Return the lines of the data below in which the string "with" occurs.

▶ **DATA SUPPLIED**:

· · · · · · ·

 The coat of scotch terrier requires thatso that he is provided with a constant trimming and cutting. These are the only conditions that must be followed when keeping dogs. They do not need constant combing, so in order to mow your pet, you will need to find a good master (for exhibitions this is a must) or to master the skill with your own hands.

· · · · · · ·

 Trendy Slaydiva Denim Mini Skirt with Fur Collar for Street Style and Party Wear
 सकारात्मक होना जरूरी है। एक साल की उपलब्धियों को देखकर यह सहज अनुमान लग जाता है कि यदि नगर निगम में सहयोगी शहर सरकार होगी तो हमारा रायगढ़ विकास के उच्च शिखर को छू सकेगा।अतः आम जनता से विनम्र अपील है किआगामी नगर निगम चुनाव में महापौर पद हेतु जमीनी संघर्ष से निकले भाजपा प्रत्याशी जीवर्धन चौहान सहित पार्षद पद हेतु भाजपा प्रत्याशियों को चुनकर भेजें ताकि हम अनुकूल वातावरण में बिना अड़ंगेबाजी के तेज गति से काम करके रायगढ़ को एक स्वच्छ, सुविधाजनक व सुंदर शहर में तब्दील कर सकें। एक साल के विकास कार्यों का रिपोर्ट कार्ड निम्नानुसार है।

· · · · · · ·

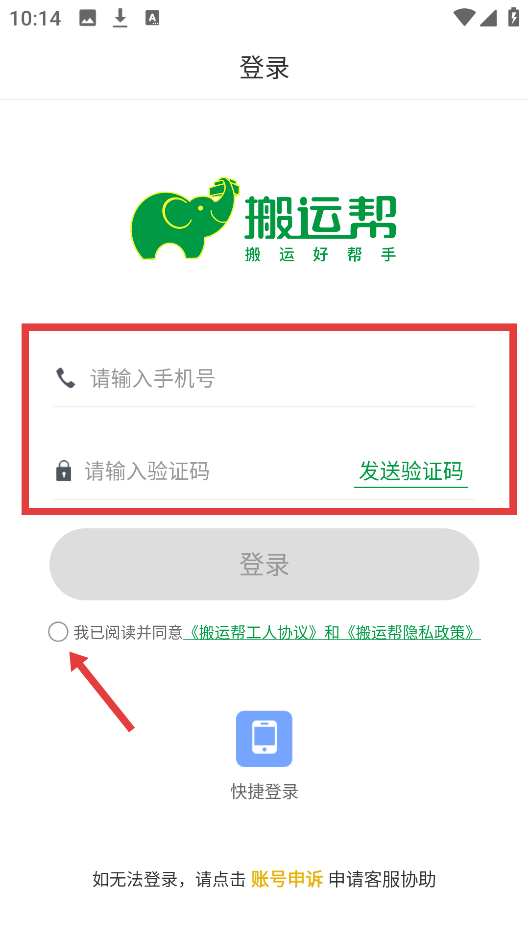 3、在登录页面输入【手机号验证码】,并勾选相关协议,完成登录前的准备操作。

· · · · · · ·

▶ **COMPLETED EXERCISE**:
 The coat of scotch terrier requires thatso that he is provided with a constant trimming and cutting. These are the only conditions that must be followed when keeping dogs. They do not need constant combing, so in order to mow your pet, you will need to find a good master (for exhibitions this is a must) or to master the skill with your own hands.
 Trendy Slaydiva Denim Mini Skirt with Fur Collar for Street Style and Party Wear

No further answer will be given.